Так о чем же все-таки роман Булгакова «Мастер и Маргарита» и в чем его притягательная сила? Господин Быков считает, что в нем в явном виде содержится оправдание зла. «Да, ничего не поделаешь – прямое оправдание зла», – говорит он. И вот этот роман, предназначавшийся одному человеку, становится достоянием черни, толпы. Что же за этим последовало? А то, что культ Воланда превращается в одно из самых противных и вредных явлений в культурной жизни России 60 – 70-х годов прошлого века. Тут Быков отсылает нас на знаменитую лестницу в доме на Большой Садовой, где стены подъезда были разрисованы многочисленными росписями: невероятно красивая голая Гелла, очень привлекательный Воланд, а под ними надписи: «Воланд, приходи!», «Воланд, мы ждем тебя!» И в результате на первый план выходил уже не месседж вождю, а пусть невинный, пусть забавный, но все-таки культ сатаны, санкционированное, обаятельное зло.

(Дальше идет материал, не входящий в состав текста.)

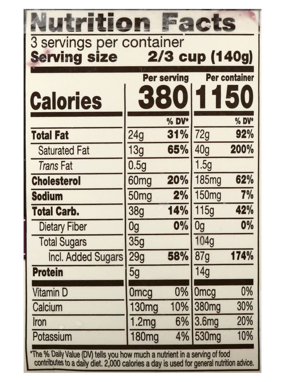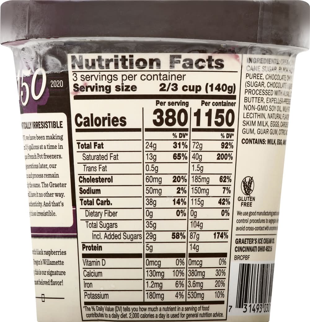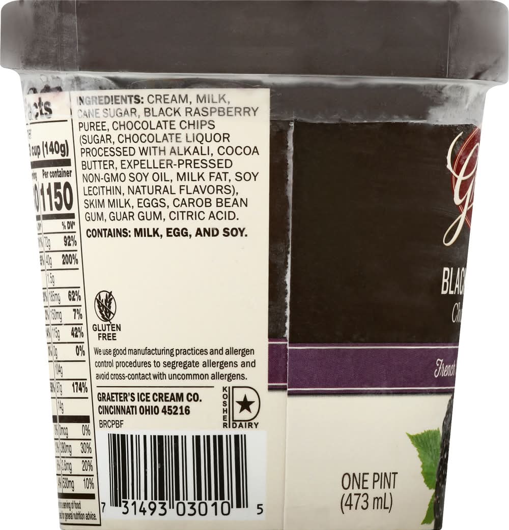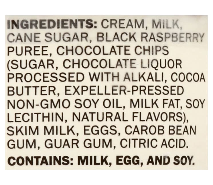 Ingredients: Cream, Milk, Cane Sugar, Black Raspberry Puree, Chocolate Chips (Sugar, Chocolate Liquor Processed with Alkali, Cocoa Butter, Expeller-Pressed Non-GMO Soy Oil, Milk Fat, Soy Lecithin, Natural Flavors), Skim Milk, Eggs, Carob Bean Gum, Guar Gum, Citric Acid Contains: Milk, Eggs, Soybeans

Далее Быков рисует на доске для своих студентов простейшую схему, в которую с потрясающей легкостью укладывается весь великий роман. Три слоя (три горизонтальные черты): бытовой – мистический – исторический. Три главных персонажа (три вертикальные черты): Сталин (на бытовом уровне – хотя такого персонажа в романе нет, но он как бы в нем незримо присутствует) и его двойники – Воланд (на мистическом уровне) – Пилат (на историческом уровне); Автор (на бытовом) и его двойники – Мастер (на мистическом) – Иешуа (на историческом); поэт Бездомный (на бытовом) и его двойник – Левий Матвей (эволюционирующий с исторического уровня на мистический). Получается что-то вроде сетки для игры в «крестики-нолики». Схема несколько путаная, но не лишенная определенной логики, а главное, полностью соответствующая концепции господина Быкова. Есть еще Маргарита. Правда, она, по Быкову, не главный персонаж, стоит несколько особняком и являет собой, как выяснилось, адский, ведьминский лик России 30-х годов. Двойником же Маргариты является Фрида, убившая собственного ребенка, и вот она-то и есть самый главный женский персонаж романа. Фрида – это, в метафизическом смысле, образ всей дореволюционной России, которую новые «любовники» растлили, изнасиловали, и которая родила в результате мертвое дитя – советское общество. Вот так уважаемый Дмитрий Львович красиво и аккуратно раскладывает все по полочкам.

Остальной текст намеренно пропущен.